ICA for dummies

Independent Component Analysis for dummies


ICA is a quite powerful technique and is able (in principle) to separate independent sources linearly mixed in several sensors. For instance, when recording electroencephalograms (EEG) on the scalp, ICA can separate out artifacts embedded in the data (since they are usually independent of each other).

This page intends to explain ICA to researchers that want to understand it but only have a weak background both in matrix computation and information theory. My explanations will be as intuitive as possible and based on practical examples from Matlab.

What is ICA ?

ICA is a technique to separate linearly mixed sources. For instance, let’s try to mix and then separate two sources. Let’s define the time courses of 2 independent sources A(top) and B(bottom) (see the Matlab code)

We then mix linearly these two sources. The top curve is equal to A minus twice B and the bottom the linear combination is 1.73*A +3.41*B.

We then input these two signals into the ICA algorithm (in this case, fastICA) which is able to uncover the original activation of A and B.

Note that the algorithm cannot recover the exact amplitude of the source activities (we will see later why). I advice you to try this with different degree of noise and see that it’s quite robust. Note also that, in theory, ICA can only extract sources that are combined linearly.

Whitening the data

We will now explain the preprocessing performed by most ICA algorithms before actually applying ICA.

A first step in many ICA algorithms is to whiten (or sphere) the data. This means that we remove any correlations in the data, i.e. the different channels (matrix Q) are forced to be uncorrelated.

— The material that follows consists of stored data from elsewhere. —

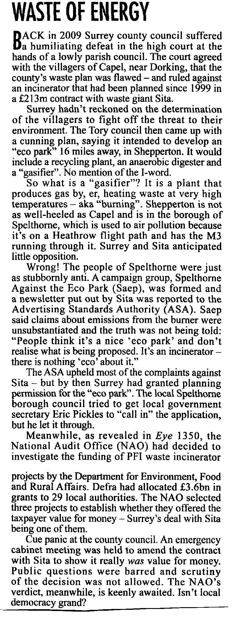 The 'Rotten Boroughs' section of Today's edition of Private Eye puts the spotlight on Surrey County Council's obstinate refusal to back down over the installation of an incinerator at the Charlton Lane Community Recycling Centre; this, despite huge opposition both from local residents and Spelthorne Borough Council.
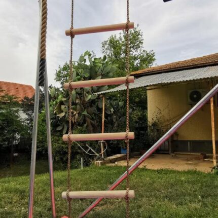 סולם חבלים- סולם של 6 שלבים. רוחב 40 ס"מ, גובה 170 ס"מ.
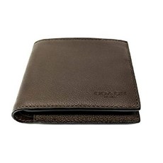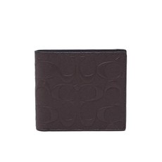 코치 Coach 남성용 컴팩트 가죽 반 지갑 블랙 마호가니 다크 서들
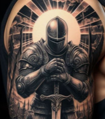 Imagens de anjos, figuras religiosas ou deuses, trabalhadas com sombras profundas e alto impacto visual. Obras marcantes com significado espiritual.
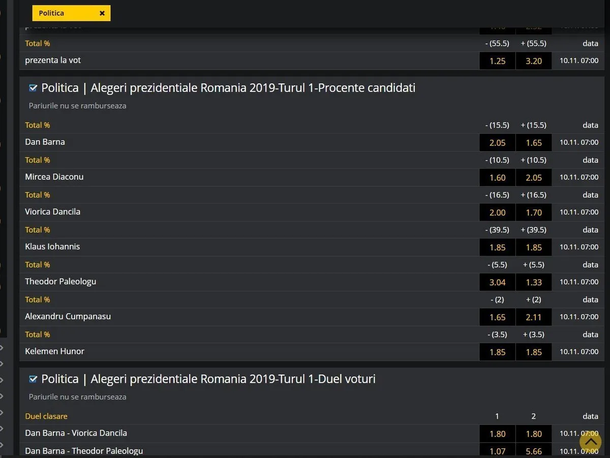 În schimb, la un duel al voturilor, Dăncilă Vs Barna este egalitate perfectă, amândoi fiind cotați cu 1,8/1. Ceea ce însemană că la 1000 de lei pariați pe Dăncilă, în cazul în care aceasta îl depășește pe Barna, câștigați 1.800 de lei.
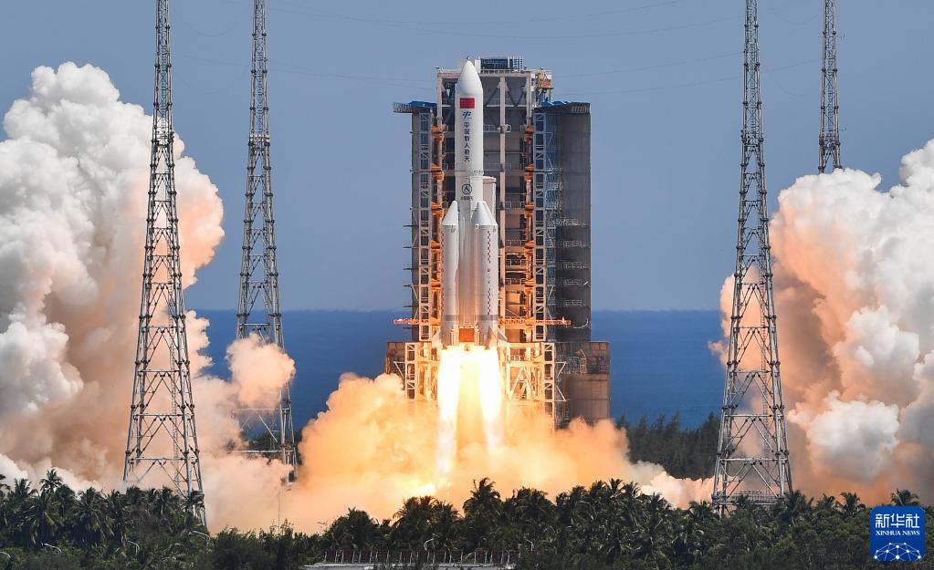 7月24日,搭載問(wèn)天實(shí)驗(yàn)艙的長(zhǎng)征五號(hào)B遙三運(yùn)載火箭在文昌航天發(fā)射場(chǎng)成功發(fā)射。新華社記者 楊冠宇 攝
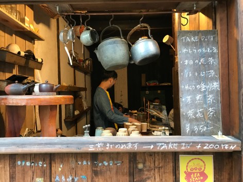 On our first day in town, we leave our guest house early in search of coffee and something to eat. The air is filled with the briny fragrance of the Seto Inland Sea that is Onomichi’s front door. A gray-haired man on a bike breezes by, waving and calling out “Ohayo! Good morning!” before becoming a blur in the next block. Music from Brazil trickles out of small speakers along this outdoor “mall,” where glaring CFLs hang over wooden benches of handmade pottery and an older woman is filleting a dozen fish at something that looks like what we used to call a tv tray. Bikes are parked unlocked. The sandwich boards are only in Japanese.
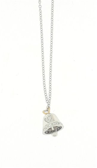 Collar de oro blanco de 18 kt. con anillo de campana en oro blanco y brillante. Cierre de mosquetón - anillo de cordón a 42 cm
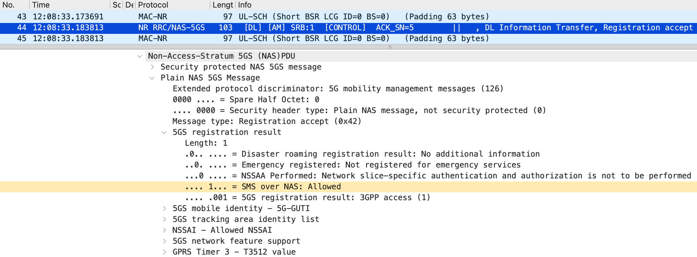 First, the extended srsUE is confirmed to support SMS over NAS. As shown in Figure 3, the srsUE has been modified to inform the CN that it supports SMS over NAS in the Registration Request message. In the Registration Request message captured on the srsUE, the 5GS update type element is set to SMS over NAS transport requested (SMS requested): Supported, as shown in Figure 8. Consequently, in the Registration Accept message, the 5GS registration result element is set to SMS over NAS: Allowed, as shown in Figure 9. These results mean that the extended srsUE is allowed by the CN to use SMS over NAS.
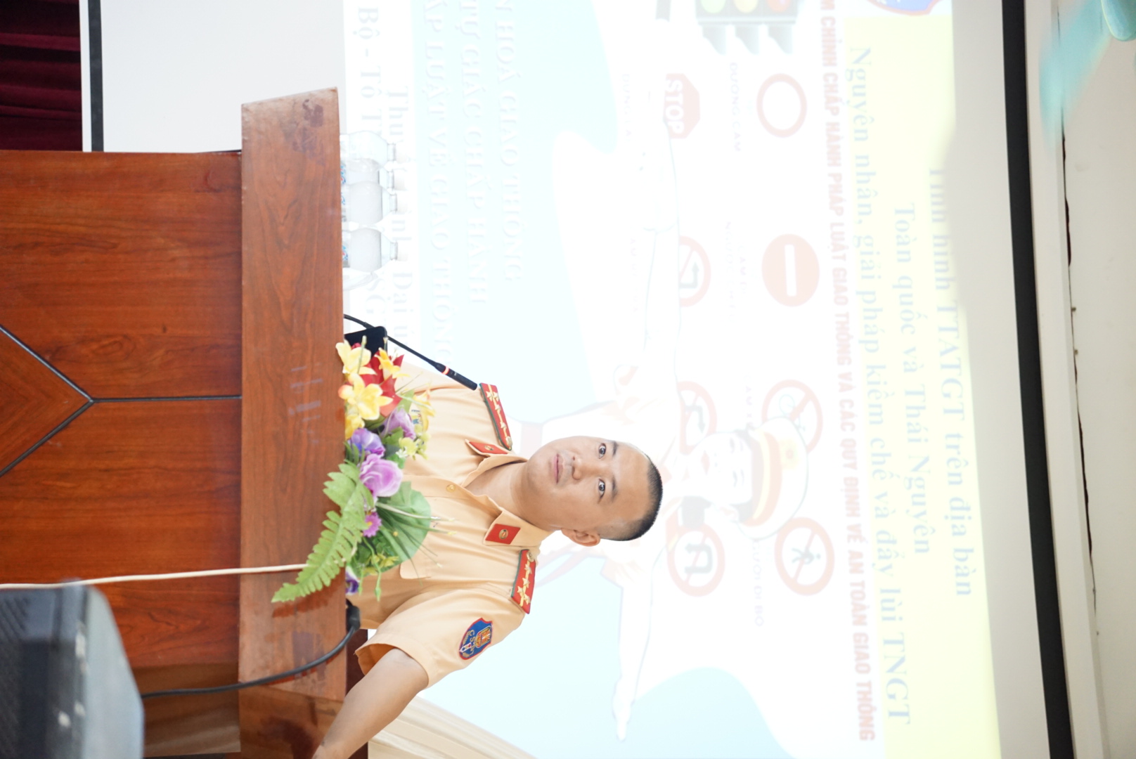 Cũng trong khuôn khổ chương trình, các sinh viên và đoàn viên thanh niên cũng đã được tuyên truyền về trật tự an toàn giao thông do báo cáo viên đến từ Phòng Cảnh sát giao thông, Công an tỉnh Thái Nguyên thực hiện. Theo đó, báo cáo viên đã hướng dẫn các bạn sinh viên các nội dung tham gia giao thông tự giác, nghiêm chỉnh thông qua các hình ảnh và tư liệu sinh động; tình hình trật tự an toàn giao thông trên địa bàn và các giải pháp nhằm giảm thiểu tai nạn, ùn tắc giao thông; tuyên truyền ý thức chấp hành các quy định về trật tự an toàn giao thông, trách nhiệm đối với bản thân và cộng đồng khi tham gia giao thông...

Why do that? A geometrical interpretation is that it restores the initial “shape” of the data and that then ICA must only rotate the resulting matrix (see below). Once more, let’s mix two random sources A and B. At each time, in the following graph, the value of A is the abscissa of the data point and the value of B is their ordinates.

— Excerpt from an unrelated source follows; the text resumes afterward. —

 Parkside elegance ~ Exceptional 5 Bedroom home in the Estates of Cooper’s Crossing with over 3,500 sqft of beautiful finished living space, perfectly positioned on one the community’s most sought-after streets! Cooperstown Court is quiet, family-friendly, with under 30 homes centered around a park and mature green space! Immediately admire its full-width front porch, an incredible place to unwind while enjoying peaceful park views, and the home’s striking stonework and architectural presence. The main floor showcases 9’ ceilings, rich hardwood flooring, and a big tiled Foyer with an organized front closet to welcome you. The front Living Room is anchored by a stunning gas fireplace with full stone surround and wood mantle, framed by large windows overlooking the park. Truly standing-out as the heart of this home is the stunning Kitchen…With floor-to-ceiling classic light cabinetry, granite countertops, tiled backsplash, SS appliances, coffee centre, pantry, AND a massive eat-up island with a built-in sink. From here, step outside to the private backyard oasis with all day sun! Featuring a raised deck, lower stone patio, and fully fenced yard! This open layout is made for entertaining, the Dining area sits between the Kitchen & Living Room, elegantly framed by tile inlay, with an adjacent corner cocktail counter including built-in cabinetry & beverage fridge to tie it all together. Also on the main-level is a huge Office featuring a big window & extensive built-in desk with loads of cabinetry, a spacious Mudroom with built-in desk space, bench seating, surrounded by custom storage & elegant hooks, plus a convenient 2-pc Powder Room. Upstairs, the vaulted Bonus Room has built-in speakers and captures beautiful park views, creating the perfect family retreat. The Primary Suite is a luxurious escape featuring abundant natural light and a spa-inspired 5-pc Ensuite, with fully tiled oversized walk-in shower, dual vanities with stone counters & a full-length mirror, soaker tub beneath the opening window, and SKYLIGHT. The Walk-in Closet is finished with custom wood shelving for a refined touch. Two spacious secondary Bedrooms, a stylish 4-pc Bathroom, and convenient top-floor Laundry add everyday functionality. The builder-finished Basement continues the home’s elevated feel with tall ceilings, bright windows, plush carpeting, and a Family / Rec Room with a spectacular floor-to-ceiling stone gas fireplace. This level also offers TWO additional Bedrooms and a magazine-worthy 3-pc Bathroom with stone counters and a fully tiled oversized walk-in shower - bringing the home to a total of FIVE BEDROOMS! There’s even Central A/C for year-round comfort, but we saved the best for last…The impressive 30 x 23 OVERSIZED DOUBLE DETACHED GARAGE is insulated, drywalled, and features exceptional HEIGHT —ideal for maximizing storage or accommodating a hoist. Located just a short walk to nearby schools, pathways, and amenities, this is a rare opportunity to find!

Let take two linear mixtures of A and B (see the Matlab code) and plot these two new variables

Then if we whiten the two linear mixtures, we get the following plot

the variance on both axis is now equal and the correlation of the projection of the data on both axis is 0 (meaning that the covariance matrix is diagonal and that all the diagonal elements are equal). Then applying ICA only mean to “rotate” this representation back to the original A and B axis space.

The whitening process is simply a linear change of coordinate of the mixed data. Once the ICA solution is found in this “whitened” coordinate frame, we can easily reproject the ICA solution back into the original coordinate frame.

The ICA algorithm

Intuitively you can imagine that ICA rotates the whitened matrix back to the original (A,B) space (first scatter plot above). It performs the rotation by minimizing the Gaussianity of the data projected on both axes (fixed point ICA). For instance, in the example above,



The projection on both axis is quite Gaussian (i.e., it looks like a bell shape curve). By contrast the projection in the original A, B space far from gaussian.


By rotating the axis and minimizing Gaussianity of the projection in the first scatter plot, ICA is able to recover the original sources which are statistically independent (this property comes from the central limit theorem which states that any linear mixture of 2 independent random variables is more Gaussian than the original variables). In Matlab, the function kurtosis (kurt() in the EEGLAB toolbox; kurtosis() in the Matlab statistical toolbox) gives an indication of the gaussianity of a distribution (but the fixed-point ICA algorithm uses a slightly different measure called negentropy).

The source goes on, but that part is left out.